Rosell también avanza que las próximas guías de la Asociación Americana de Oncología Clínica (ASCO) para este curso, y de las que Rosell forma parte del panel de expertos, ratificarán un hecho: “La inmunoterapia en combinación con quimioterapia es la opción de cualquier tipo de cáncer de pulmón en estadio IV no microcítico, lo que supone uno de los pasos más importantes para la práctica clínica de este tumor”. En el caso del microcítico, todo parece apuntar a un beneficio similar, pero aún no se ha concretado totalmente.

Sin embargo, los científicos no pierden de vista las toxicidades de las estrategias inmunoterápicas y tratan de “descifrar por qué se registra una elevada frecuencia de efectos secundarios como las neumonitis relacionadas con reacciones inmunológicas, pero que son claramente neumonitis graves”.

En estos momentos, el equipo de Rosell ha accedido a una beca de un programa europeo que analiza, tanto en tejido como en sangre, un panel con la expresión de 600 genes -ya se ha encontrado el primer filtro de genes responsables-y cuyo objetivo es clarificar qué alteraciones confieren más riesgo de neumonitis después de la administración de la terapia basada en estas nuevas estrategias. Las modernas tecnologías, junto a la biopsia líquida, están posibilitando este tipo de evaluaciones que facilitarán el manejo clínico”.
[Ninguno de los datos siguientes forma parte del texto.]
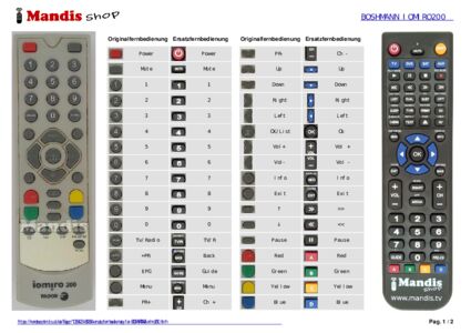 Ein Dokument ist enthalten, um die Verwendung der neuen Fernbedienung zu erleichtern, indem es die Tastenbelegung zeigt.

Evolución del cáncer, un reto incesante para los tratamientos innovadores

La mayoría de los tumores de mama hormonodependientes o positivos para los receptores estrogénicos (ER+) responden bien a la terapia hormonal, pero en un 20% de las pacientes, el cáncer reaparece. “Cada vez conocemos más las alteraciones genéticas en el tumor que explicarían ese fenotipo que recurre tras una terapia primaria; curiosamente, en el 80% restante de esos tumores este repertorio genético es curativo”, comenta Carlos Arteaga, director del Centro del Cáncer Simmons de la UT Southwestern, en Dallas. Entre los genes estudiados, están HER2, alteraciones en la vía PI3K, en la del EFGFR y en la de MAPK; también mutaciones en el receptor de estrógeno.

“Estas mutaciones ocurren en el 30% de mujeres que son tratadas con inhibidores de la aromatasa, que es la principal terapia en el cáncer posmenopáusico. Para mí es un ejemplo de una selección natural que ocurre en estos tumores, en relación con los tratamientos cada vez más efectivos que administramos”.
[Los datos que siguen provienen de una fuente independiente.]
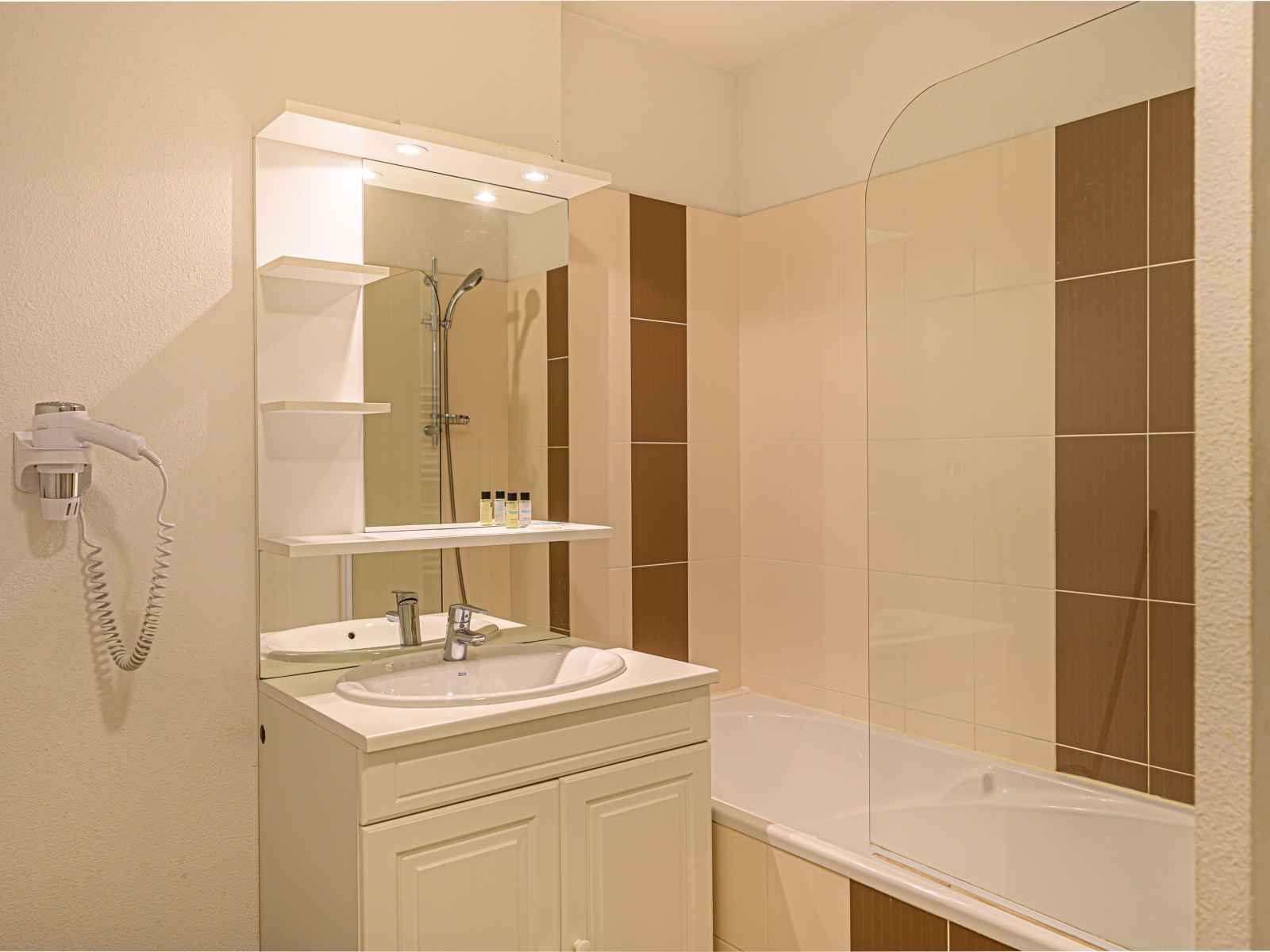 Salle de bains avec baignoire, sèche-cheveux + WC intégré (douche dans les appartements PMR)

Entre esos fármacos, Arteaga destaca a los inhibidores de cinasas dependientes de ciclinas 4 y 6 (CDK4/6), “uno de los principales avances recientes en el cáncer de mama”. En combinación con las terapias antiestrogénicas “tienen unos excelentes resultados; esa asociación terapéutica se estudia ahora en ensayos adyuvantes. Esperamos datos positivos, con lo que se aumentará la fracción de cánceres que podrán curarse. Muchos pensamos que el motivo por el que estos fármacos funcionan en el cáncer hormonodependiente es que el gen de la ciclina d1 es muy importante para el funcionamiento del receptor de estrógeno. Trabaja con la cinasa dependiente de ciclina, y, por eso, al combinar la terapia antiestrogénica con el inhibidor de CDK, se genera un bloqueo doble en la misma vía”, detalla este reconocido especialista en cáncer de mama.
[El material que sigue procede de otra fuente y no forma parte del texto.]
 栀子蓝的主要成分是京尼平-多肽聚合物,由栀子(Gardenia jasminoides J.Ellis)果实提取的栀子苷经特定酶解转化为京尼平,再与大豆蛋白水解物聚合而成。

La pregunta que ahora habrá que responder es cuáles son los mecanismos de resistencia en aquellos pacientes que no se benefician de estos tratamientos. Arteaga reflexiona que “con cada innovación terapéutica estamos creando una nueva naturaleza de tumores, que buscan y ponen en marcha mecanismos de escape”, algo que no ha de verse como una elucubración derrotista sobre la enfermedad: “Lo interesante es que contamos con las herramientas moleculares para interrogar al cáncer resistente”, matiza, “pero hay que admitir que el cáncer es parte de la evolución: los mismos genes que permiten el desarrollo de un tumor son los que hacen posible nuestra existencia; el cáncer los usurpa para poder sobrevivir, a costa del paciente. Con el tiempo podremos eliminar los tumores letales, pero un mundo sin cáncer es un mundo sin evolución”.